Batı Siyasetinde Yeni Cepheleşmeler
* 2024 yılı birçok Batılı ülke için seçim yılıdır. Şu ana kadar bazı etkili Batılı devletlerde seçim yapılırken, bazılarında ise bu yılın ikinci yarısında seçimler yapılacak.
* zamanların liberal Batılı ülkelerinin aşırı milliyetçilik, faşizm, ırkçılık ve yabancı düşmanlığı konusunda rekabet ettiğini görmek gerçekten üzücü ve talihsiz bir durumdur.
Ankara Sosyal Bilimler Üniversitesi Siyasal Bilgiler Fakültesi Uluslararası İlişkiler Bölümü’nde öğretim üyesi, Türkiye’nin ve dünyanın saygın, güvenilir Ankara merkezli bir düşünce kuruluşu olan SETA Siyaset, Ekonomi ve Toplum Araştırmaları Vakfı, Türk dış politikası ve Ortadoğu siyaseti uzmanı Prof. Dr. Muhittin ATAMAN, kaleme aldığı “Batı Siyasetinde Yeni Cepheleşmeler” başlıklı yazısında, 2024 yılının birçok Batılı ülke için seçim yılıdır olduğuna dikkat çekti.
Prof. Dr. Muhittin ATAMAN’ın yazısının detayı şöyle:
Şu ana kadar bazı etkili Batılı devletlerde seçim yapılırken, bazılarında ise bu yılın ikinci yarısında seçimler yapılacak. Bir zamanların liberal Batılı ülkelerinin aşırı milliyetçilik, faşizm, ırkçılık ve yabancı düşmanlığı konusunda rekabet ettiğini görmek gerçekten üzücü ve talihsiz bir durumdur. Bazı Batılı ülkelerdeki seçimler faşizm ile ultra-faşizm arasında geçecek kadar bir sapma yaşanmaktadır. Ultra-radikal aktörler birçok Batı ülkesinde ana akım siyasi yaşamın bir parçası haline gelmiş bile. Pek çok siyasi aktör, güç politikalarını kullanarak ve otoriter ve tek taraflı mekanizmaları harekete geçirerek hedeflerine ulaşmada rekabet eder haldedir. Bölgesel ve küresel birçok sorunu verili gören bu siyasi aktörler bu sorunları çözme niyetine de iradesine de sahip değildir. Bu nedenle bu çatışmaları tartışmayı bile düşünmüyorlar.

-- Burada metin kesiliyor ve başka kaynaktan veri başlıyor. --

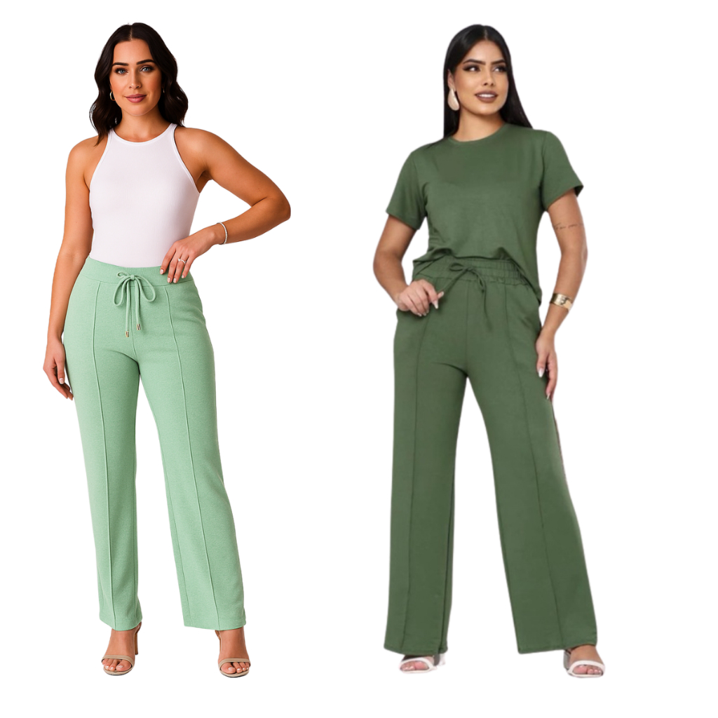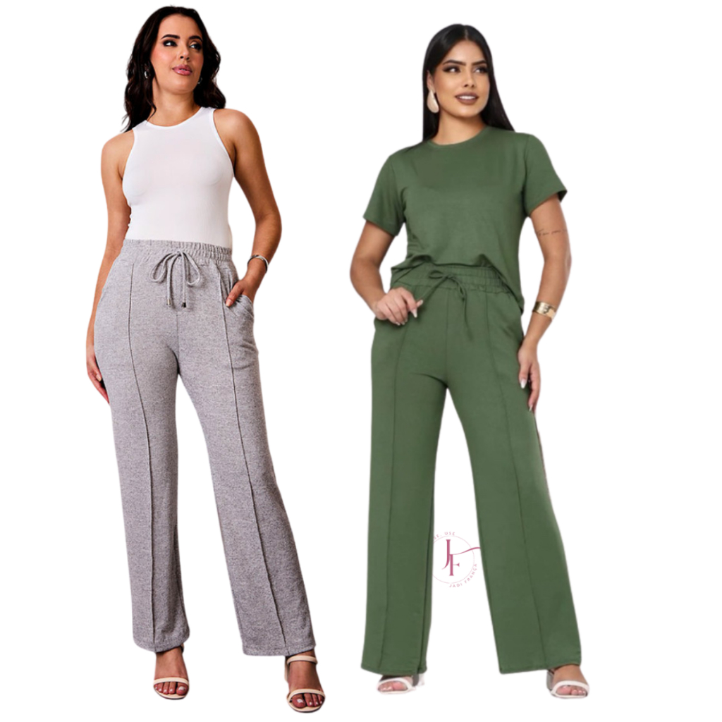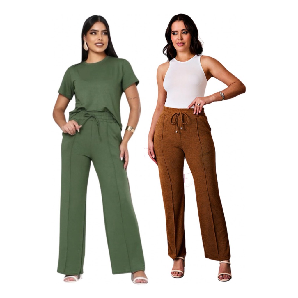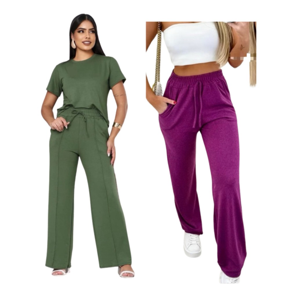 kit 2 Calça grossa Pantalona de Lã Lanzinha boca larga Confortável Calça Feminina dia a dia

Batı’daki neredeyse bütün seçimlerde siyasi kutuplaşmanın arttığını görüyoruz. Batılı bazı devletlerde son dönemde yapılan seçimlere katılımın geçmişe kıyasla yüksek olmasının temel nedenlerinden biri de artan kutuplaşma ve aşırı sağcı siyasi partilerden duyulan korkudur. Batı toplumlarında evrensel değerlerin savunucuları ile tüm “ötekileri” dışlayan aşırı milliyetçiler arasında giderek artan bir kutuplaşma söz konusudur. Sağdan ve soldan popülist ve aşırı milliyetçilerin kendi hükümetlerine ve karar alma süreçlerine hakim, en azından etkili, olduğu bir dönemde yaşıyoruz. Radikal siyasi aktörlerin kendi ülkelerinin siyasi yaşamları üzerinde doğrudan veya dolaylı olarak büyük etkileri bulunmaktadır. Gerçek resmi görmek için en önemli üç Batı ülkesine bakmak yeterlidir.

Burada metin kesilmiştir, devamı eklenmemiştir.